Web Front-end
12 minute read

Creating Live Dashboards With Airtable and React

Dylan is a full-stack engineer with extensive experience in various industries, including eCommerce, healthcare, and professional services.

Whether a company is a large enterprise or a budding startup, collecting data from users and customers, and reporting on or visualizing that data is crucial to the business.

I recently worked with a telemedicine startup based in Brazil. Its mission is to provide remote care and monitoring by connecting patients to medical professionals and health coaches. The core need was to create an interface for the coaches and health professionals to easily review a patient’s information and most important metrics related to their particular situation: a dashboard.

Enter Typeform and Airtable.

Typeform

Typeform is one of the go-to data collection tools that enables responsive web experiences for users completing a survey. It also comes with several features that make surveys more intelligent, especially when combined:

  • Logic Jumps
  • Hidden Fields

Surveys can be shared via URLs that can be pre-seeded with values for the hidden fields, which can then be used to implement logic jumps and alter the behavior of the survey for the user with the link.

Airtable Uses

Airtable is a spreadsheet-database hybrid and a collaborative cloud platform. Its focus on point and click functionality means that non-technical users can configure it without coding. Airtable has a multitude of use cases in any business or project.

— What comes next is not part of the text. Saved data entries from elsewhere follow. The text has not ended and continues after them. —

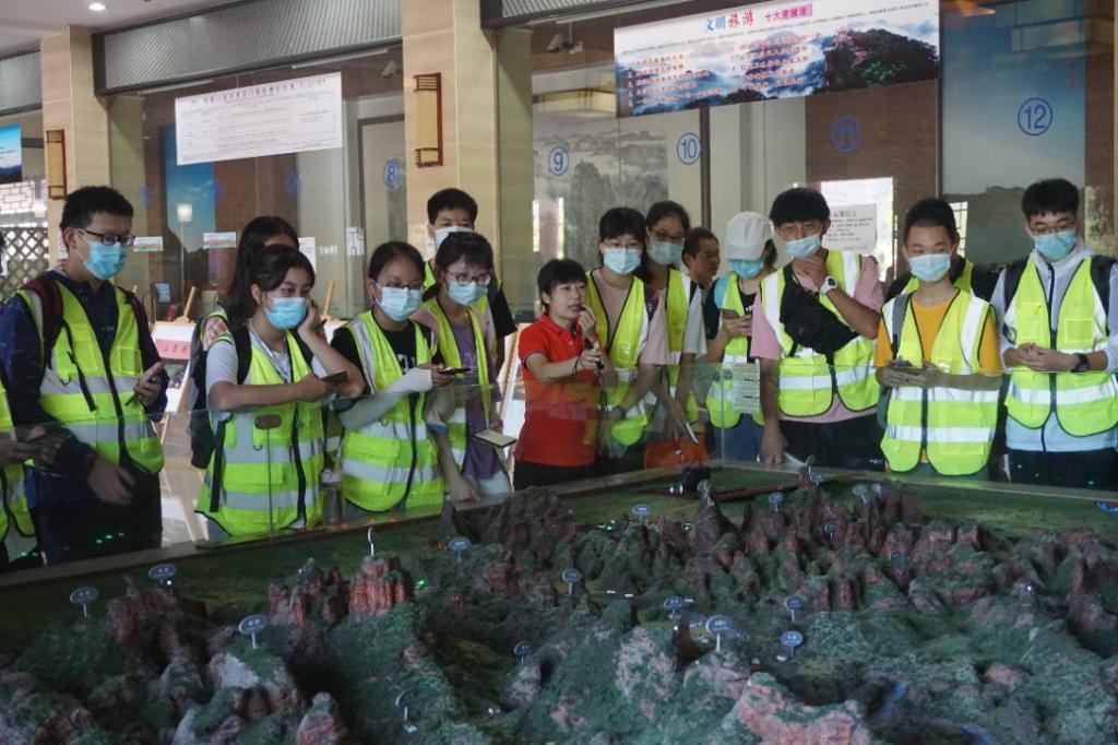丹霞山博物馆是实习的第一站,学生们在博物馆讲解员的引领下,通过观摩沙盘、宣传影片、标本等了解丹霞山区域地质概况,领略丹霞山的生物多样性,感受别样的丹霞文化。
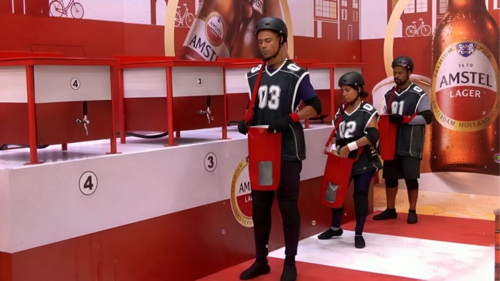 - Na sequência, atravessou uma ponte coberta de espuma e, ao final do trajeto, encontrou o parceiro para transferir o conteúdo da bolsa e dar continuidade à dinâmica.
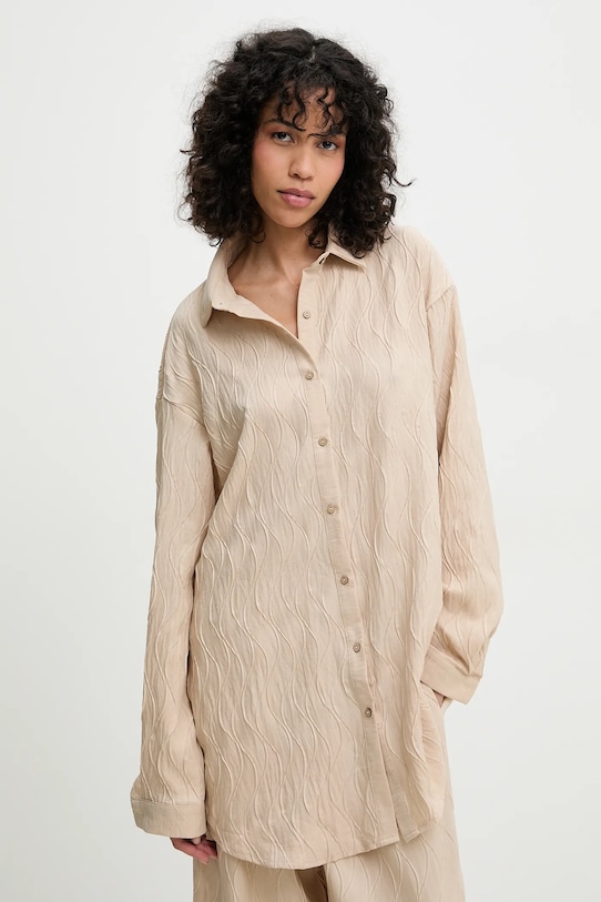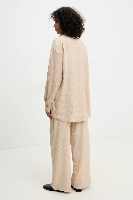 Рубашка и брюки из коллекции Answear.LAB, выполненные из тонкой неэластичной ткани. Модель выполнена из исключительно комфортного и качественного материала. - Свободный крой, обеспечивающий полную свободу движений. - Удобная застежка на кнопки позволяет легко надевать и снимать. - Модель с воротником. - Крой рукава со спущенной линией плеча не ограничивает подвижность. - Рукава с манжетами на пуговицах. - Прямая нога полной длины. - Широкий эластичный пояс. - Два боковых накладных кармана. - Длина: 84,5 см. - Ширина под мышками: 60 см. - Ширина талии: 36 см. - Ширина бедер: 61 см. - Высота талии: 36 см. - Ширина штанины внизу: 29,5 см. - Ширина штанины: 35,5 см. - Длина внешней части штанины: 104,5 см. - Указаны размеры: S/M.

You can use an Airtable Base for:

  • CRM (Client Relationship Management)
  • HRIS (Human Resources Information System)
  • Project Management
  • Content Planning
  • Event Planning
  • User Feedback

There are many more potential use cases. You can explore Airtable case studies here.

If you are not familiar with Airtable, the conceptual data model breaks down like this:

  • Workspace - Composed of Bases
  • Base - Composed of Tables
  • Table - Composed of Fields (columns) and rows
  • View - A perspective on Table data with optional filters and reduced Fields
  • Field - A column of a Table with a Field Type; see here for more information on Field Types

Apart from providing a cloud-hosted database with familiar spreadsheet features, here are some of the reasons the platform is so powerful:

Depiction of technical and non-technical users working with Airtable.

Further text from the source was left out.